Problem statement:
Only the lines from the one containing "(참사 1) 찢, 145개국" through the last line below belong in your copy; transcribe them exactly and omit any pictures.

Information provided:
▽
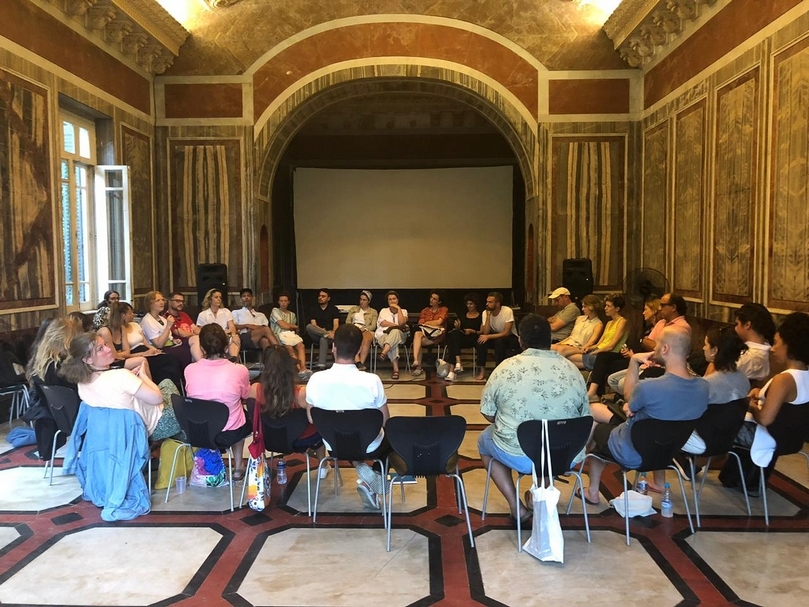 細究KdK的課程設計,為期兩年的學習歷程包含:(一)四組研究主題搭配學期論文:展覽史、藝術史與現當代藝術理論、跨學科性(transdisciplinarity)、跨文化性(transculturality);(二)集體研究與展覽實踐;(三)個別策展研究與實踐;(四)碩士論文;以及兩次大型的校外考察。身為KdK第五屆的學生,集體展覽實踐與校外考察,是我認為相對特殊的學習經驗。規劃於第一學年的集體研究與展覽實踐,每屆皆以全體學員「共同合作」的工作模式(意即13到15名「準策展人」共同發展一檔展覽),針對不同的展館與主題,在所方與校方的全額資助下進行展演發表。以我參與的計畫為例,是從瑞士策展人哈洛.史澤曼 (Harald Szeemann)1975年的展覽「單身漢機器」(Junggesellenmaschinen)出發,針對蓋提研究中心(Getty Research Institute)提供的相關檔案文獻進行研究,並從歷史重演、展覽史書寫,與當代對應的角度發展策展計畫。而規劃於第二與第四學期的校外考察,則是順應每屆課程與研究方向,與相關機構合作進行的校外參訪(通常為期一至二週)。以2018年及2019年為例,KdK分別在貝魯特美國大學(American University of Beirut)及里約熱內盧歌德學院(Goethe-Institut Rio de Janeiro)的合作與資助下,前往黎巴嫩和巴西進行考察。透過密集的機構參訪與對談交流——從學院、博物館、畫廊、計畫空間、駐村單位等制式藝術空間;到私人收藏(藏家住所與私人展館)、地下藝術團體、弱勢族群的教堂暨自策展覽空間,以及藝術療養院所等非典型的藝術機構——這兩次的校外考察,皆得以從各式機構中策展實踐的多樣性,經驗當地獨特的藝術場景。
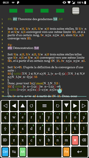 Zeta Math จะช่วยให้คุณสามารถเขียนเอกสารคณิตศาสตร์แบบออฟไลน์บนโทรศัพท์ Android ของคุณคุณสามารถใช้แป้นพิมพ์เป็นแป้นพิมพ์เริ่มต้นของคุณและสลับได้อย่างรวดเร็วตามที่คุณต้องการด้วยทางลัดที่เรียบง่าย ( ⌘ k)
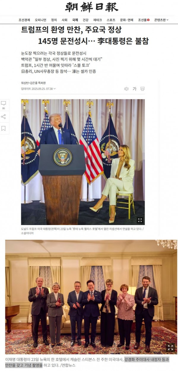 (참사 1) 찢, 145개국 정상 참석한 트럼프 UN환영만찬에 불참하고 호텔에서 강경화 만남
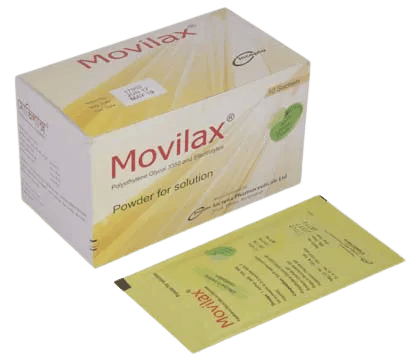 Each sachet of Movilax contains Polyethylene Glycol 3350 USP
△
Response below:
 (참사 1) 찢, 145개국 정상 참석한 트럼프 UN환영만찬에 불참하고 호텔에서 강경화 만남
 Each sachet of Movilax contains Polyethylene Glycol 3350 USP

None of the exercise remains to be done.